Top-Level Parse Order

parseNextSourceItems() handles structural forms before ordinary line parsing:

  1. Conditional assembly filters the logical line stream.
  2. collectOps() records top-level op definitions and marks their body lines.
  3. Name-left .typealias declarations are parsed.
  4. Record and union headers collect .field declarations until .endtype or .endunion.
  5. Visible op invocations expand into ordinary source items.
  6. parseLogicalLine() handles single-line labels, directives, data and instructions.

This order matters. Ops must be collected before invocation expansion. Layout declarations must collect their body lines as one source item. Ordinary instruction parsing should see the lines that remain after those structural forms have been handled.

Layout and Declaration Parsing

Name-left layout syntax is parsed in parseNextSourceItems() because a record or union body spans multiple lines:

Sprite .type
x      .field byte
y      .field byte
tile   .field byte
flags  .field byte
       .endtype

Fields are parsed as LayoutField values. Each field has a name and a type expression.
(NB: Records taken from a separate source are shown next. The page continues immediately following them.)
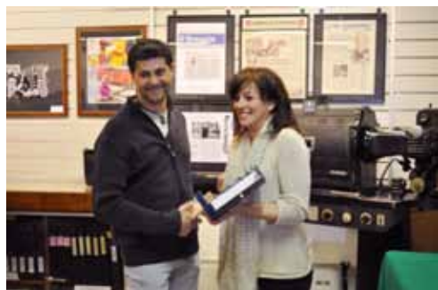
Primo Premio Roberto Marchi
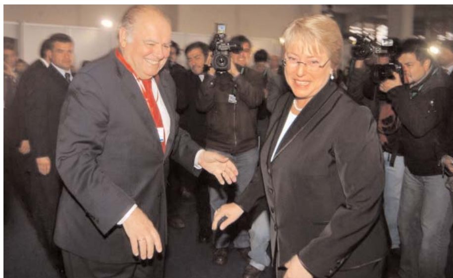
La Presidenta de Chile, Michel Bachelet, recibe al Secretario General Iberoamericano

Con el mismo esmero con el que hace once años llevó adelante la realización de la VI Cumbre Iberoamericana de Jefes de Estado y de Gobierno de Santiago y de Viña del Mar, el gobierno de Chile se dispone a cerrar exitosamente entre el 8 y el 10 de noviembre próximo, durante la celebración de la XVII Cumbre, un completísimo calendario de reuniones de los más diversos ámbitos bajo el lema común de "Cohesión social y políticas sociales para alcanzar sociedades más inclusivas en Iberoamérica".
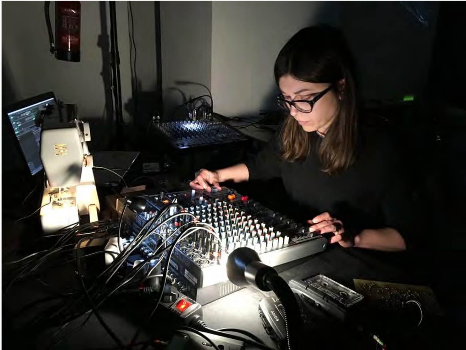
Jornadas Performance. MEM Exhibition Hall
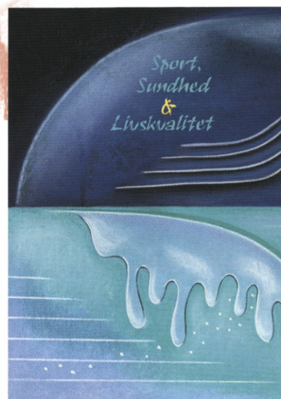
DFIF's nye uddannelseskatalog byder på såvel på nye som gammelkendte kurser med masser af inspiration til alle aldre.

glip af de nye inspirerende kurser som firmaidrætten kan tilbyde dig og dine kolleger. I det store nye uddannelseskatalog finder du både nyheder såvel som kendte kurser, og her får du en smagsprøve på i nogle af de kurser, den kommende kursusæson kan tilbyde dig.
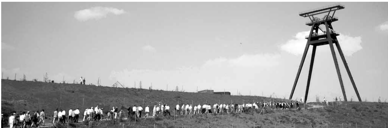
Der Weg zum Förderturm Löbichau
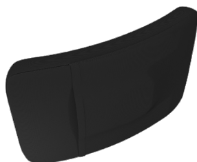
ULP557050320 Pad laterale per pelotte FSC Neoprene, mis. 5"x7"
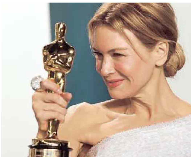
Renée Zellweger con la statuetta

Quella degli Oscar non è la sola cerimonia ad aver subito sconvolgimenti. L'edizione numero 74 dei Tony Award (gli Oscar del teatro) prevista per lo scorso 7 giugno è stata rimandata ed ancora in attesa di una nuova data. Si parla addirittura di cancellarla del tutto. Indecisa invece la sorte della settantaduesima edizione dei Primetime Emmy Award e dei Creative Arts Emmy Award, rispettivamente sono previste il 20 settembre e il 12 e 13 settembre, ma gli organizzatori non hanno ancora deciso se saranno in presenza o in modo virtuale. —
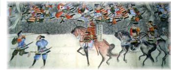
蒙古襲来絵詞(市文化財)
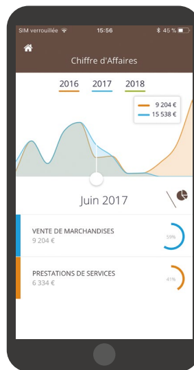
Aperçu en version mobile
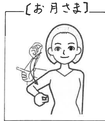
【お月さま】 右手2指で「三日月」の形を描く
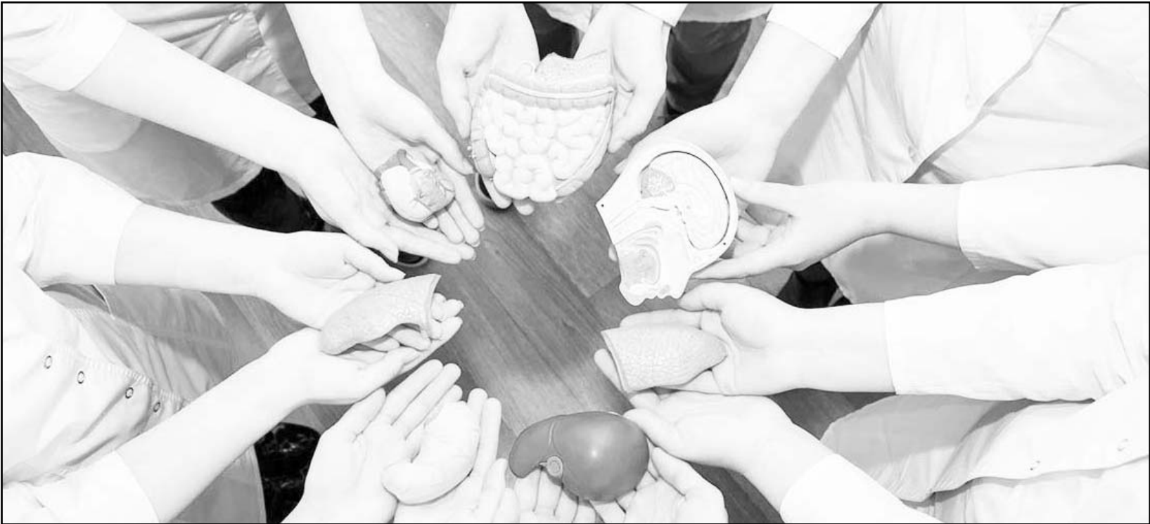
Actualmente el país ha consolidado su capacidad para realizar trasplantes con resultados que cumplen estándares internacionales.
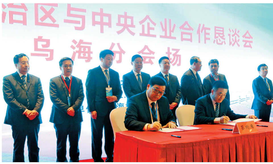
乌海市分会场签约现场
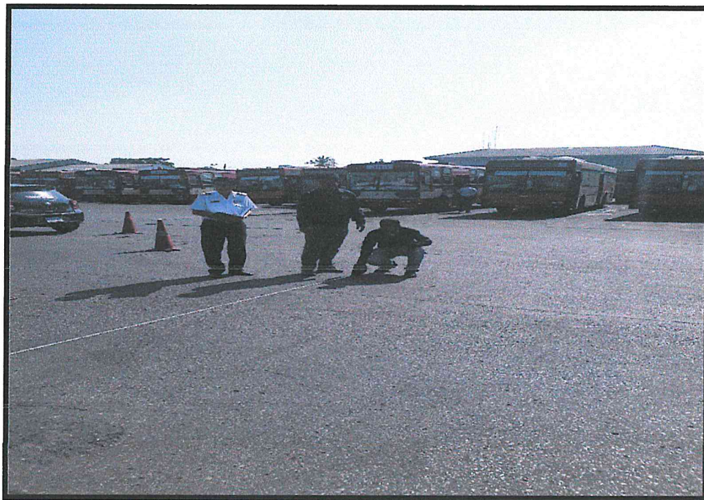
ก๊ลังลานจอดรถ
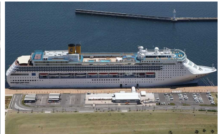
船名：Costa Victoria (コスタ・ビクトリア) 運航会社：コスタクルーズ (イタリア) 船籍：イタリア 総トン数：75,166t 乗客定員：1,928人 初寄港：平成26年5月16日
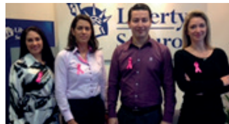
Equipe da associada Liberty Seguros - Joinville.
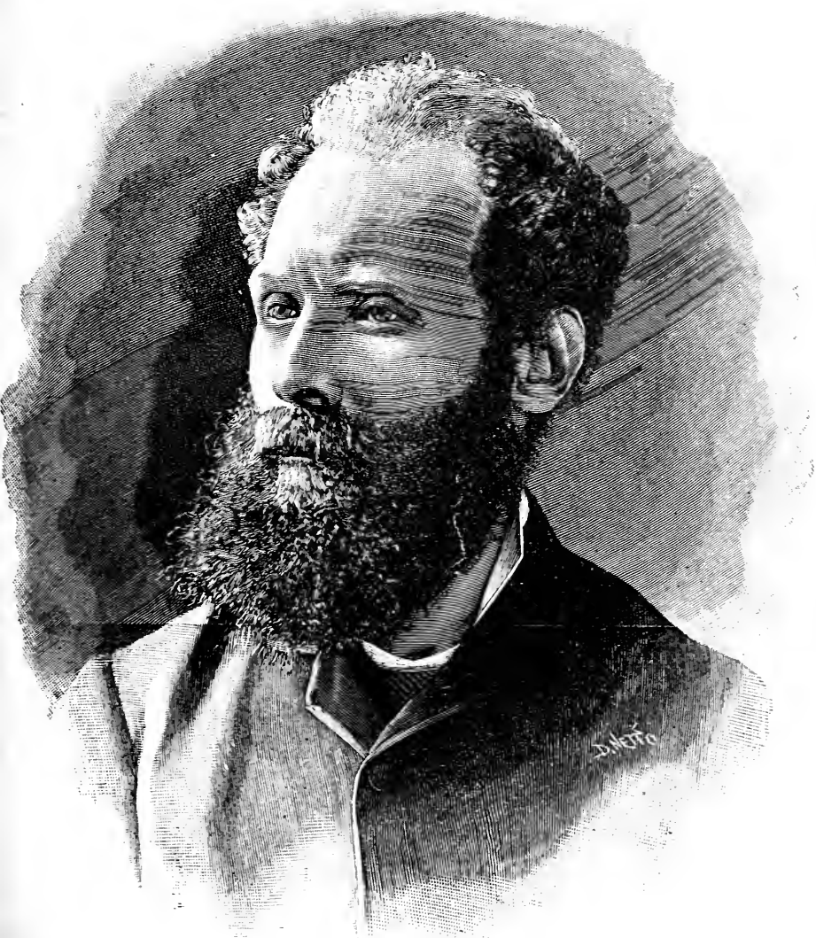
Anthero de Quental

The parser checks declaration shape. address-planning.ts later checks duplicate field names, layout size and type references.
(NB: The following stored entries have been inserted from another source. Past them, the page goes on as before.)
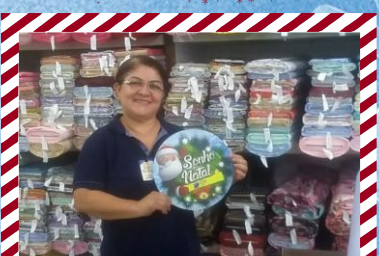
Rei do Pano
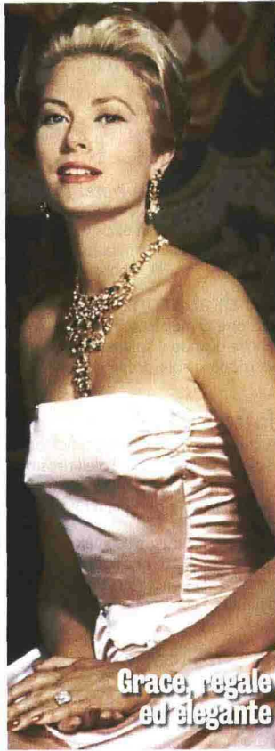
Grace, regale ed elegante
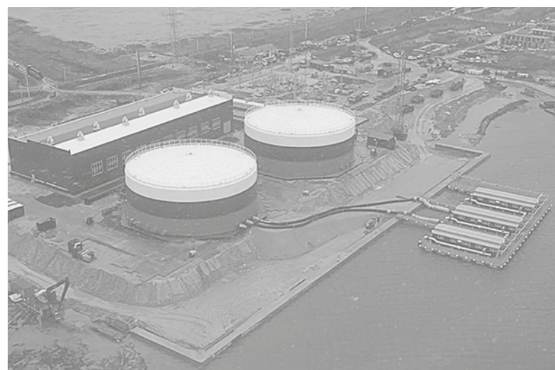
Водовод и плавучая насосная станция

«Даже во времена всесоюзных строек в СССР на создание такого водовода уходило до 5 лет. Наша стройка стартовала в декабре 2022-го, а сегодня уже включилась первая насосная станция», – подчеркнул он.
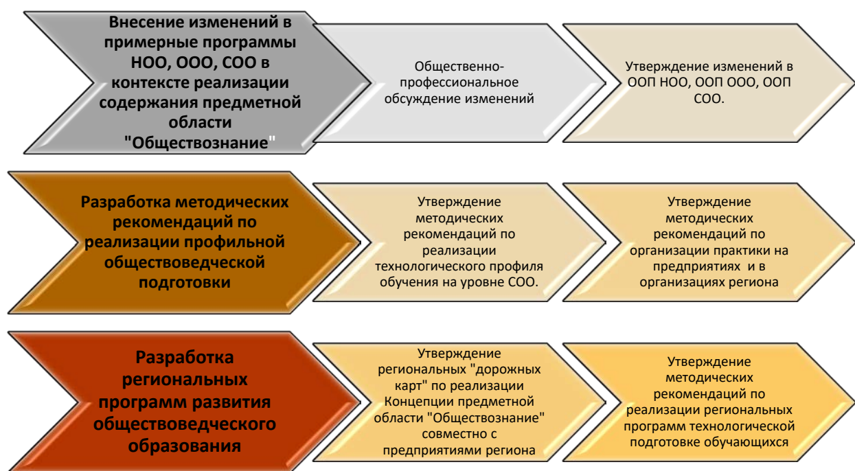
Рис. Организационная схема процесса нормативно-правового и научно-методического обеспечения реализации концепции предметной области «Обществознание»

Материально-техническое обеспечение и требования к учебному и лабораторно-технологическому оборудованию, инструментам в предметной области «Обществознание» представлены в разделе «Инструментарий и средства материально-технического обеспечения»
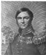
K. F. von Graefe.

Aegyptologe , hat die Lehre von der Accommodation des Auges gefördert und andere wertvolle Beiträge zur Physiologie des Auges geliefert. In der praktischen Medizin ist vor allem zu gedenken des Vaters der sogen. «physiol. Medizin»
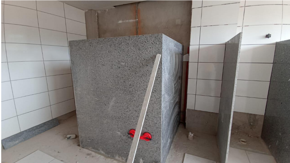
Figura 1 - Detalhe para divisórias dos banheiros

OBJETO: REFORMA E AMPLIAÇÃO DA EMEF PROFESSOR EDSON ALTOÉ CONTRATO: 023/2024
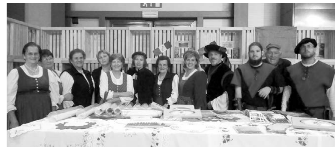
Utrinek s sejma
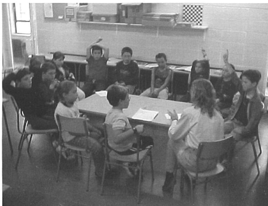
Alumnes de 4t feint assemblea de classe.

El procés que es segueix està en constant evolució i depèn, en gran mesura, de les capacitats inherents a l'edat de cada grup d'alumnes. A grans trets, pre-
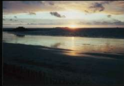
F - Bretagne, Sommevaux, Blick auf Fort National
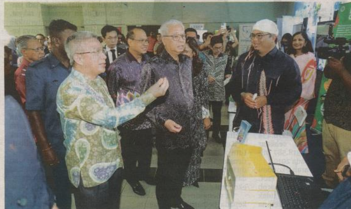
ISMAIL Sabri Yaakob melawat pameran dalam Majlis Pelancaran Pelan Induk Taman Mranti dan Penjenamaan Baharu Mimos Bhd. di Mranti Park Bukit Jalil, semalam.

"Ini bermakna negara memerlukan sebuah taman teknologi yang menjadi titik pertemuan pemegang taruh antaranya inovator, penyelidik dan pelabur bagi mengukuhkan ekosistem

Type aliases are parsed as named bindings:

SpriteArray .typealias Sprite[16]

The parser stores the alias target as a type expression. Assembly resolves the target against scalar layout names, record names, union names and other type aliases.
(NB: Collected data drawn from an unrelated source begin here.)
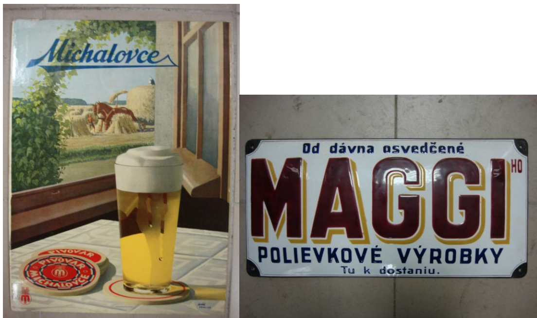
Predmety z akvizície 201 – kartónová výveska a smaltovaná reklamná tabu
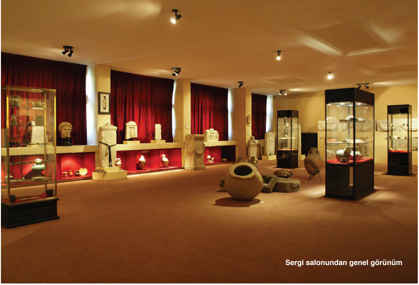
Sergi salonundan genel görünüm

Müzesi Müdürlüğünden alınan 24.11.1995 tarih ve 1411 sayılı koleksiyonerlik belgesi ile, 1995 yılında resmiyet kazanmıştır.
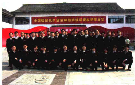
参观惩治和预防渎职侵权犯罪展览
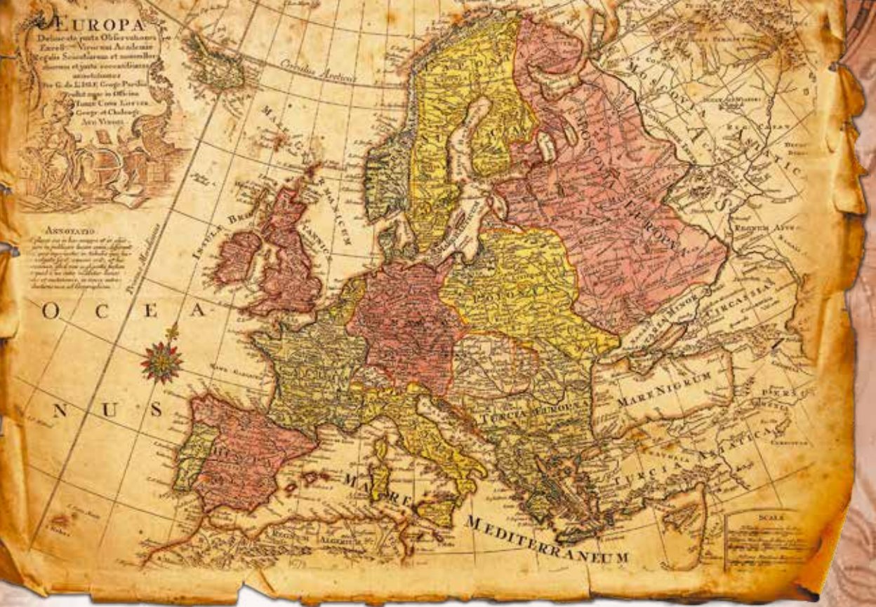
Політична мапа Європи. Поч. XVIII ст.

The parser also distinguishes address labels from declarations. An address label uses a colon and becomes a label item. Name-left declarations become equate, enum, type, union or type-alias items.

Start:
        ret

COUNT .equ 8

A label contributes an address based on placement. An equate contributes an assembler-time value based on expression evaluation.

Expressions and Conditionals

src/syntax/parse-expression.ts parses numeric expressions, names, unary and binary operators, function calls, layout casts and type expressions. It is used by .equ, data directives, instruction operands, layout functions, .ds and layout fields.

The parser produces expression trees from src/model/expression.ts. src/semantics/expression-evaluation.ts evaluates those trees when the assembler-time environment is available.

Conditional assembly is handled before final line parsing. The conditional pass keeps the active lines and removes inactive branches from the stream seen by later stages. Ordinary parsing then receives one effective source program.

Parse Diagnostics

src/syntax/parse-diagnostics.ts contains shared helpers for syntax errors. Diagnostic IDs come from src/model/diagnostic.ts. Use those helpers when adding parse failures so source positions, severity and code shape stay consistent.

Parser recovery matters for editor tooling. A user may have a half-written line while typing. Tooling still needs symbols, diagnostics and register-care hints for surrounding source, so parse errors should usually report a diagnostic and let parsing continue.